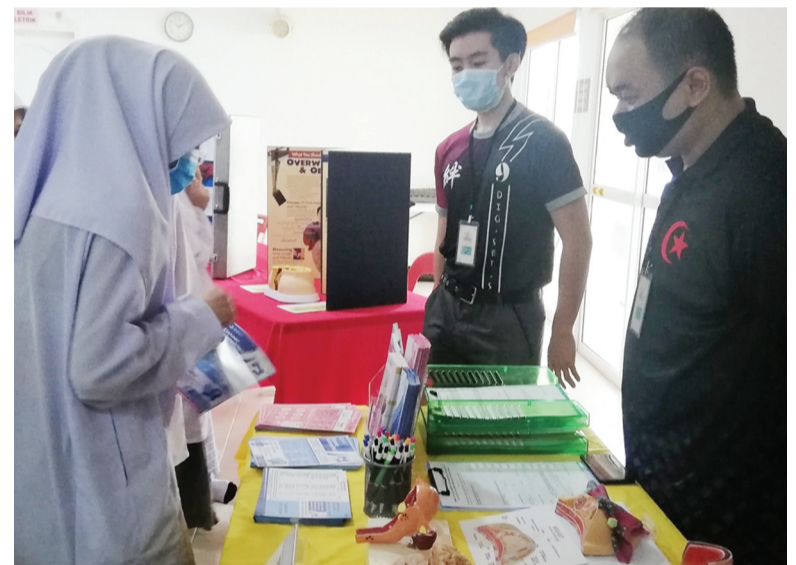
PAMERAN sempena Majlis Ilmu 2020 tersebut.
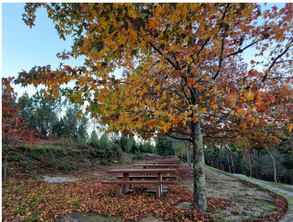
Figura 12 – Áreas de lazer
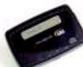
1-Kanal alphanumerischer Pager
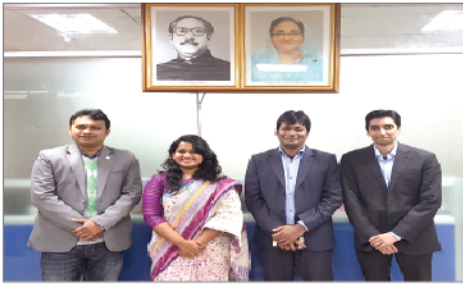
স্কলারশিপ প্রাপ্ত ডাইফ-এর কর্মকর্তাবৃন্দ।

ডেনিশ সরকারের “ইম্প্লুভিং দ্য হেলথ এন্ড সেইফটি অব ওয়ার্কারস ইন বাংলাদেশ থ্রু দ্য স্ট্রেন্দেনিং অব লেবার অথরিটিস”-শীর্ষক বাংলাদেশ ও ডেনমার্ক সরকারের স্ট্রাটজিক সেক্টর কো-অপারেশন চুক্তির আওতায় তারা এই বৃত্তি লাভ করেছেন।
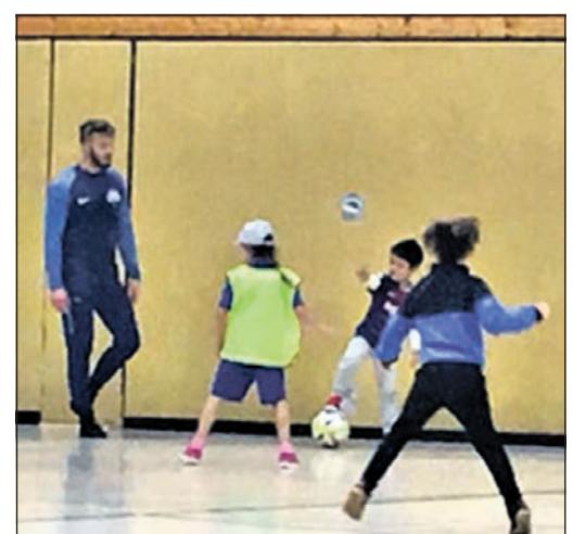
Sport und Spaß an Bewegung sind für die eigene Entwicklung und für die Gesundheit von Kindern enorm wichtig.
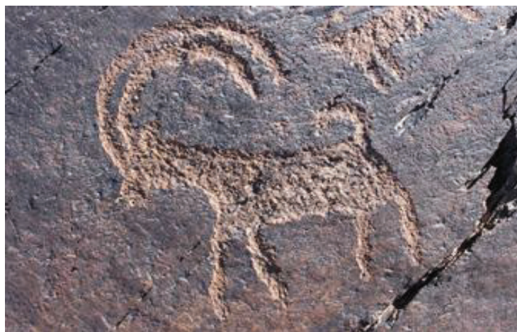
سنگ نگاره بزکوهی در رفسنجان کرمان
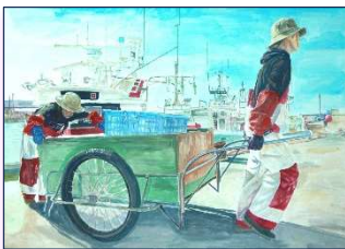
↑〇〇央さんの作品 (佳作)
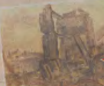
А. С. Дихтяр. Разрушенное здание телеграфа.

В начале улицы Смирнова (ныне - пр. Гагарина), возле Дома печати, в 1930 - 1933 годах военные строители возвели два многоэтажных жилых дома. Поскольку в то время страна работала на стройках под девизом «Пятилетку - в четыре года», то эти дома были построены особым образом. Если на них посмотреть с высоты птичьего полета, то один дом построен в виде цифры пять, второй - четыре. Их называли «домами горсовета». В годы оккупации в одном из них расположилась «фельджандармерия 388». В сентябре 1943 года, во время освобождения Смоленска, эти дома-цифры были сильно разрушены. И до нашего времени дошел только один дом - «отличник». Сегодня это дома №6 и 8 по пр. Гагарина.
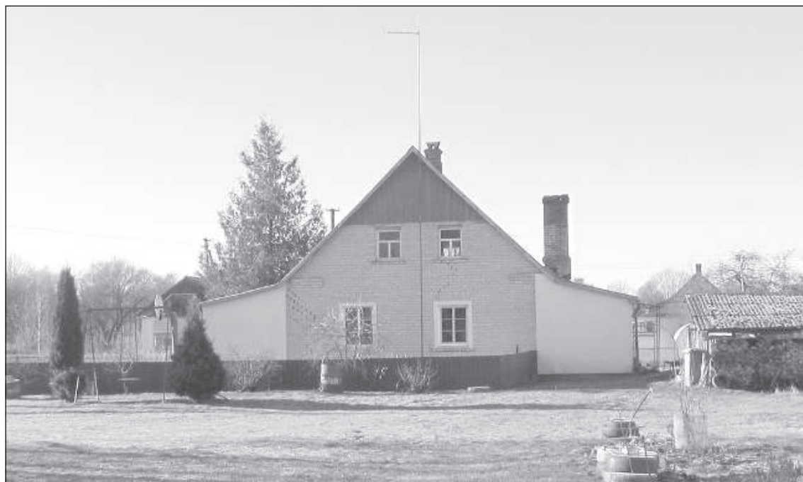
Дом как на картинке.
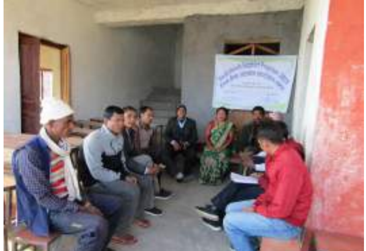
डेस्क बेन्च हस्तान्तरण कार्यक्रम
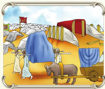
בכדי להגיע לארץ ישראל - לקדשה - צריכה להתעלות ממסע למסע ומנפסיון לנפסיון...

כאשר אדם טועה לחשב שהוא יחיה כאן לנצח הוא עומד על שלו בכל דבר, אולם כאשר אדם מבין שהוא בסך הכל ארץ, גם אם קשה לו עם השכן או עם החבר הוא יודע לומר וגם אם חלילה אדם נכשל בנפסיון הוא לא נפל ברוחו אלא מתכווץ לנפסיון הבא ועומד בו.
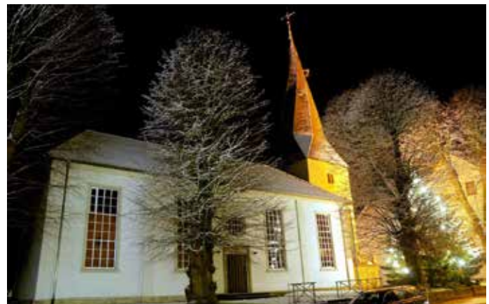
Die Alverdisser Kirche, erbaut 1842/43. Aber bereits seit dem 13. Jahrhundert soll an dieser Stelle eine Kirche gestanden haben.
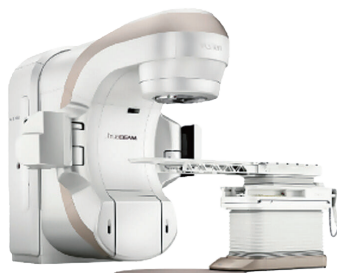
高精度放射線治療装置 トゥルービーム
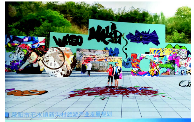
以大学生写生基地为中心，创建西部中原文化涂鸦城

2020年，新沟村与郑州市新沟生态农业有限公司合作，把大学生写生基地进一步提升为党性教育基地，发展红色文化旅游产业。该项目已经初具规模，待项目完全建成后，新沟村村集体经济收入、建档立卡贫困户就业、巩固提升脱贫成效等方面将得到较大改观。
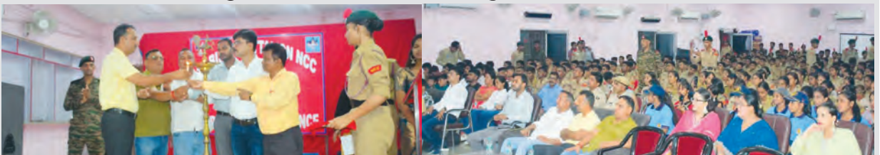
एसवीवी संवाददाता | औरंगाबाद

एसच्चिदानंद सिन्हा कॉलेज, औरंगाबाद में 26 जुलाई से आरंभ हुआ एनसीसी का संयुक्त वार्षिक प्रशिक्षण शिविर (सीएटीसी-XII) सोमवार को गरिमामय ढंग से संपन्न हो गया। 13 बिहार बटालियन एनसीसी औरंगाबाद के तत्वावधान में आयोजित इस 10 दिवसीय शिविर में जिले भर के विभिन्न विद्यालयों और महाविद्यालयों से सैकड़ों कैडेटों ने भाग लिया। अंतिम दिन सुबह सभी कैडेटों ने पीटी अभ्यास के साथ दिन की शुरुआत की। शिविर की पूर्व संंध्या पर
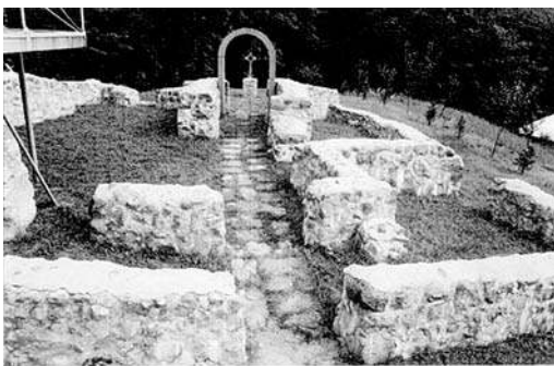
Ruinele Mănăstirii Vaca
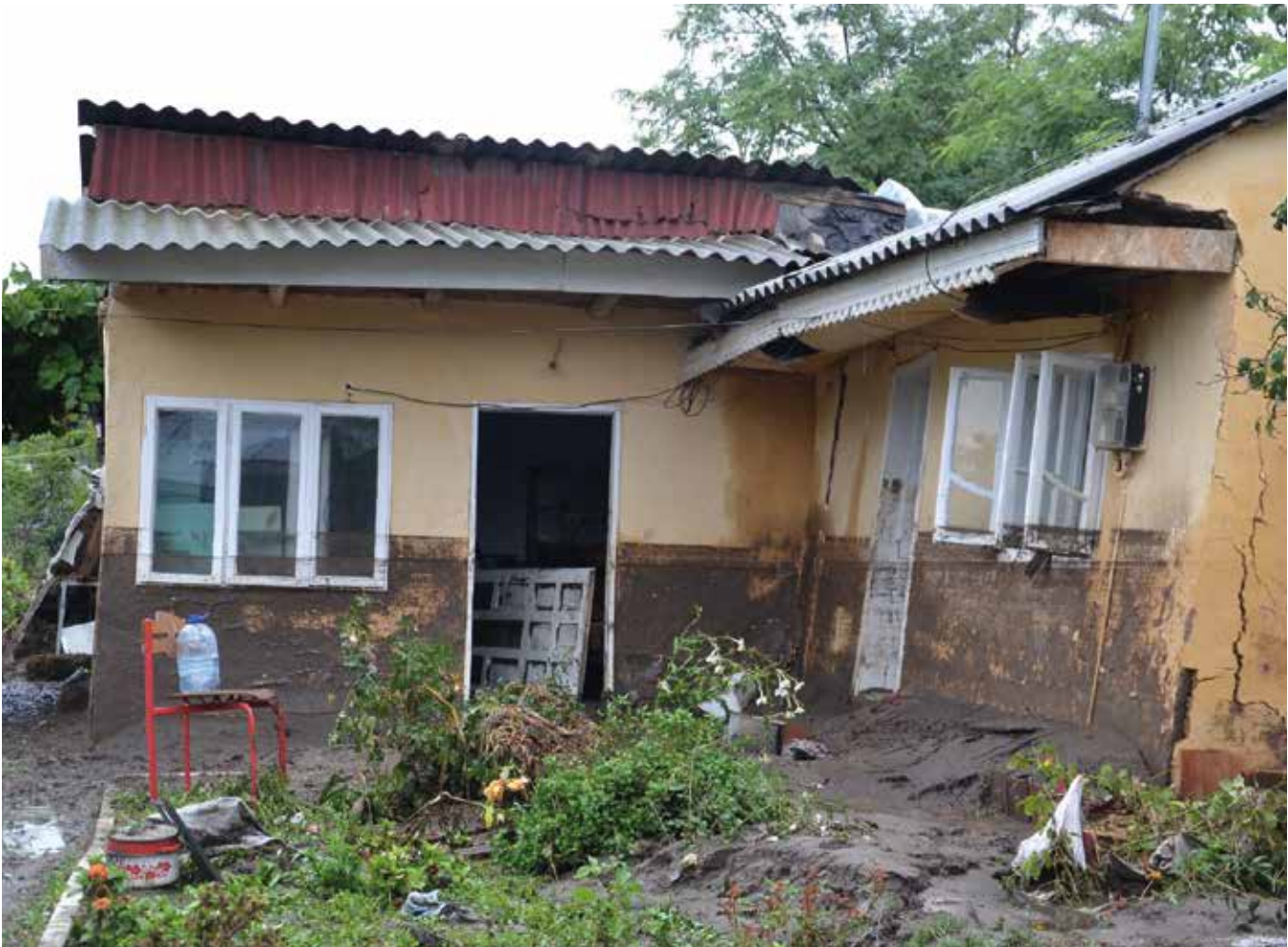
Locuință afectată de inundațiile din toamna anului 2013, județul Galați.

din domeniul umanitar la nivel național și internațional, să fie un pol de expertiză, să inițieze campanii de fundraising pentru acțiunile umanitare și să desfășoare proiecte comune în domeniu. FOND este Federația Română a Organizațiilor Neguvernamentale pentru Dezvoltare ce cuprinde organizații interesate să acționeze în domeniul cooperării pentru dezvoltare.
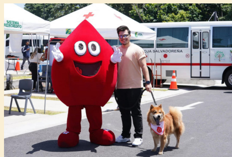
Muchos de los donantes altruistas llegaron acompañados de sus perros.

Entre los criterios establecidos se encuentran: tener
========================
> [TASK PROMPT]: Examine the listing and count its lines containing the word "לנפסיון". State the count alone.

> [OUTPUT FOR THIS TASK]: 2